Every line from the beginning of the records below up to the one holding "山下さんの楊枝入れを塗香入れ" should be quoted exactly; leave out the rest.

·····

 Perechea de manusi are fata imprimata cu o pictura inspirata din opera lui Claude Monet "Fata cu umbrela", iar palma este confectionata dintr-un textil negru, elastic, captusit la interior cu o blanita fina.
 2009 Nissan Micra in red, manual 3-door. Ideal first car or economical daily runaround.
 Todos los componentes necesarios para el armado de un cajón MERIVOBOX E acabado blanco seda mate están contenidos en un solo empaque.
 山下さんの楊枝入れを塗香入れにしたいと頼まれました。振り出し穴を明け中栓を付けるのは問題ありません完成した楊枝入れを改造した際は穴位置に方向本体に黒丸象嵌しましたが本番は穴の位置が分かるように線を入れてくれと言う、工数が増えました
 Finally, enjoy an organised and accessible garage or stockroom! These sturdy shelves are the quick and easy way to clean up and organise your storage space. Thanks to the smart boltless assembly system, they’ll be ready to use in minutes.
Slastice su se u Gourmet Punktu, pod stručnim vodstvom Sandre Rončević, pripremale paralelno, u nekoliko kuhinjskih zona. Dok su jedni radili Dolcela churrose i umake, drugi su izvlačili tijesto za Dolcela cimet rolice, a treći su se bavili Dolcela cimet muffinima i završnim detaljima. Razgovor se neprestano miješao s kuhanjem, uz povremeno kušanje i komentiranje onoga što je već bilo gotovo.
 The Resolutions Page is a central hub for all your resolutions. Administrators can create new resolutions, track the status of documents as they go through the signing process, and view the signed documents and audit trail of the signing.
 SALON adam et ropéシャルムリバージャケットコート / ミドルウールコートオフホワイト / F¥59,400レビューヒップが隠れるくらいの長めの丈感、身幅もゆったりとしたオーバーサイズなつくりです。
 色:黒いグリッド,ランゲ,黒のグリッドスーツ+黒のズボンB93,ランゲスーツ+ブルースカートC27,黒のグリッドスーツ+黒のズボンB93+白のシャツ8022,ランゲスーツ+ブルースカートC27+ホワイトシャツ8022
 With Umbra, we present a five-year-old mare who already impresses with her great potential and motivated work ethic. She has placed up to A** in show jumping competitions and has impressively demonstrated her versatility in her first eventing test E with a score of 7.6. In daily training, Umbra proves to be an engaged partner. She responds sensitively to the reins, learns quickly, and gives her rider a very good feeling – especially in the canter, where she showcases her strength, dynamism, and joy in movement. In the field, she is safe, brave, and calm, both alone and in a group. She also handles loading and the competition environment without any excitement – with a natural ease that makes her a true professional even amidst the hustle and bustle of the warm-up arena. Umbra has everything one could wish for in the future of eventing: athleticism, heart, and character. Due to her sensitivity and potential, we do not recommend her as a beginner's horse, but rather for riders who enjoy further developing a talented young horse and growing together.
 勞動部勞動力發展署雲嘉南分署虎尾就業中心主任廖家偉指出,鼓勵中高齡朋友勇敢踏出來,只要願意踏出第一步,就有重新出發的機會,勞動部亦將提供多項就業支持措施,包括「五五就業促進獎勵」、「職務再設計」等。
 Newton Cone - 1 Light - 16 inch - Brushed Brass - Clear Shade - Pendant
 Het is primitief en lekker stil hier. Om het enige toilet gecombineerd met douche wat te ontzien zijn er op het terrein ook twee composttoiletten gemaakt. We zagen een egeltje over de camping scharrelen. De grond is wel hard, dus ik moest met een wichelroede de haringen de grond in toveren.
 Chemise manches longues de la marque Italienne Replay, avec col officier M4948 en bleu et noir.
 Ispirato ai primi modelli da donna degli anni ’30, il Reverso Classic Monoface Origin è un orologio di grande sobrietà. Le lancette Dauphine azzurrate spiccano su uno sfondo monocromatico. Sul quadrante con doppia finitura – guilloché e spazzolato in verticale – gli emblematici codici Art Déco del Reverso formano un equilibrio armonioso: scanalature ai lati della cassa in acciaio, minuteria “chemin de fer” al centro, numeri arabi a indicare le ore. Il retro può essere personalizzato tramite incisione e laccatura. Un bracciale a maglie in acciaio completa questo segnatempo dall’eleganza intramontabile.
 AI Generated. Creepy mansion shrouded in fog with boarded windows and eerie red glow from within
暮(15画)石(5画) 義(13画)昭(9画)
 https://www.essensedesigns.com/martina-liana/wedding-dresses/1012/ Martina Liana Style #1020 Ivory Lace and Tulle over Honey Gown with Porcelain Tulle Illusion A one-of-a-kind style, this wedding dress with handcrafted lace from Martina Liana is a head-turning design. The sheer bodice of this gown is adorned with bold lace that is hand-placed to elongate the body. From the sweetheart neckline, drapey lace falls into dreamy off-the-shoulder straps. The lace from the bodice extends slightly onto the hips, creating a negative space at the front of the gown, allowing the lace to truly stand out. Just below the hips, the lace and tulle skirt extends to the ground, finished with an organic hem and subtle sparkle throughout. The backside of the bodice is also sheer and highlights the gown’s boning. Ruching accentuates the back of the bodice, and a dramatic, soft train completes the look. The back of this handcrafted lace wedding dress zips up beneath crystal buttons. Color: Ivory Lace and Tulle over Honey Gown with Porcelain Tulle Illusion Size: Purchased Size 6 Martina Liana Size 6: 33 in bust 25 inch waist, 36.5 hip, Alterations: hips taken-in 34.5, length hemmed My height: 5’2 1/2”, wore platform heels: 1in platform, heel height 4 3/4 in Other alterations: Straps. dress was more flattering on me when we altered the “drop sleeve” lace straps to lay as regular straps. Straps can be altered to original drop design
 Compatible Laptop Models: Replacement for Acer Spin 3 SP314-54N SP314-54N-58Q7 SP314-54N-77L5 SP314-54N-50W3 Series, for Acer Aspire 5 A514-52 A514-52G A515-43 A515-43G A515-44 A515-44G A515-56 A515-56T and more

·····

◆ **Solution**
 Perechea de manusi are fata imprimata cu o pictura inspirata din opera lui Claude Monet "Fata cu umbrela", iar palma este confectionata dintr-un textil negru, elastic, captusit la interior cu o blanita fina.
 2009 Nissan Micra in red, manual 3-door. Ideal first car or economical daily runaround.
 Todos los componentes necesarios para el armado de un cajón MERIVOBOX E acabado blanco seda mate están contenidos en un solo empaque.
 山下さんの楊枝入れを塗香入れにしたいと頼まれました。振り出し穴を明け中栓を付けるのは問題ありません完成した楊枝入れを改造した際は穴位置に方向本体に黒丸象嵌しましたが本番は穴の位置が分かるように線を入れてくれと言う、工数が増えました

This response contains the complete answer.